- Born: September 23, 1926
- Died: August 13, 2012 (aged 85)

Academic background
- Education: University of Redlands Boston University (MS) Harvard University (PhD)

Academic work
- Discipline: Philosophy
- Institutions: Tufts University
- Main interests: Capital punishment

= Hugo Bedau =

American philosopher

Hugo Adam Bedau (September 23, 1926 - August 13, 2012) was the Austin B. Fletcher professor of philosophy at Tufts University. He is best known for his work on capital punishment.

A leading critic of the death penalty, Bedau has been quoted by Stuart Taylor Jr. as saying "I'll let the criminal justice system execute all the McVeighs they can capture, provided they'd sentence to prison all the people who are not like McVeigh."

==Career==
Bedau received his undergraduate education at the naval training program at USC and at the University of Redlands, where he graduated in 1949. He completed his masters at Boston University in 1951 and his PhD from Harvard University in 1961. Bedau subsequently taught at Dartmouth College, Princeton University and Reed College before joining Tufts in 1966. He retired in 1999. Bedau was a founding member of the National Coalition to Abolish the Death Penalty, and served many years on its board of directors, including several as chairman. He was a member of the American Civil Liberties Union, for whom he wrote on the death penalty.
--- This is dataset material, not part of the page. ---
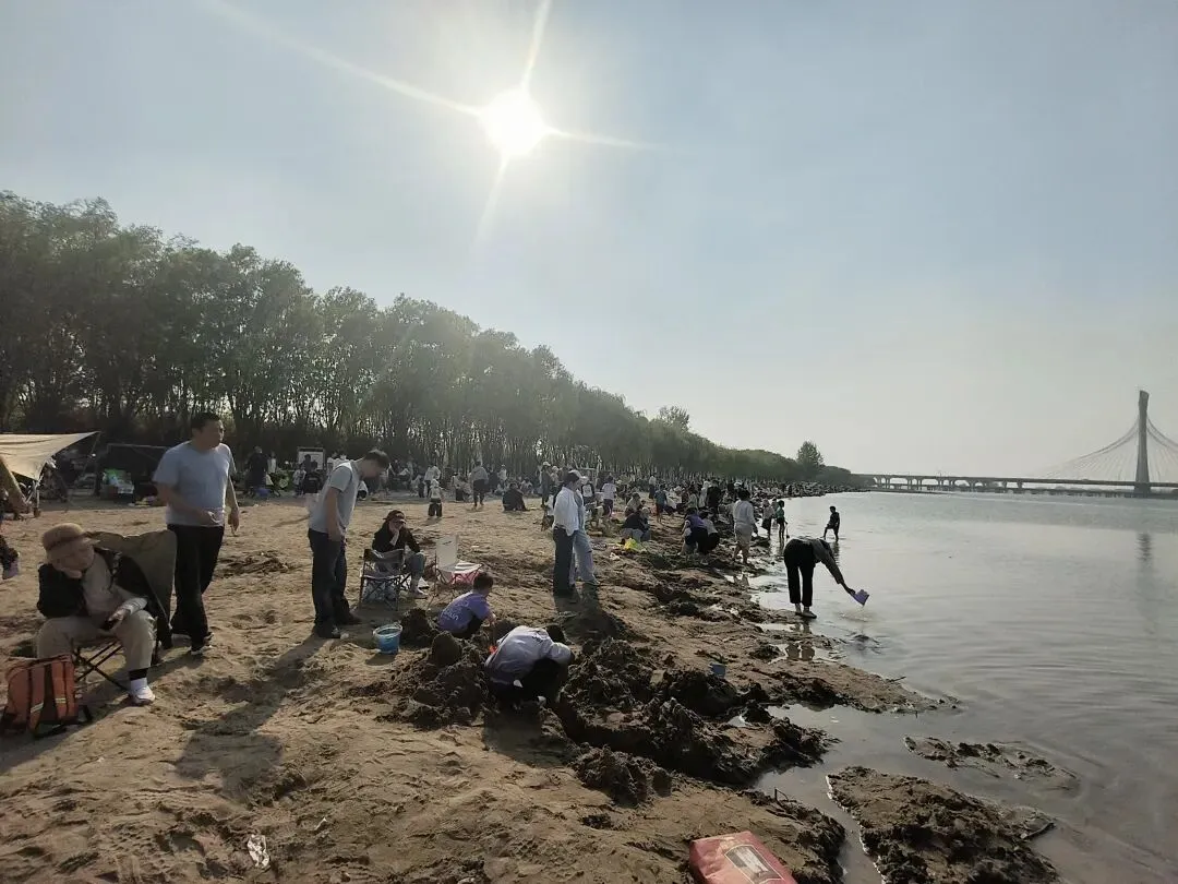 还没到河边,远远就看见车停了一长溜,路边全是人。

Bedau was the author of The Death Penalty in America (1st edition, 1964; 4th edition, 1997), The Courts, the Constitution, and Capital Punishment (1977), Death is Different (1987), and Killing as Punishment (2004), and co-author of In Spite of Innocence (1992). On the occasion of Bedau's retirement, Norman Daniels said of The Death Penalty in America: "It is the premier example in this century of the systematic application of academic philosophical skills to a practical issue, and the flood of work in practical ethics that has followed can rightfully cite Hugo's work as its starting point."

Bedau also published Civil Disobedience: Theory and Practice (Pegasus, 1969) and a later volume on the theory of civil disobedience.

==Personal life==
Bedau married twice. His first marriage to Jan Mastin, by whom he had four children, including the philosopher Mark Bedau, ended in divorce. His second marriage, in 1990, was to Constance E. Putnam, a medical historian.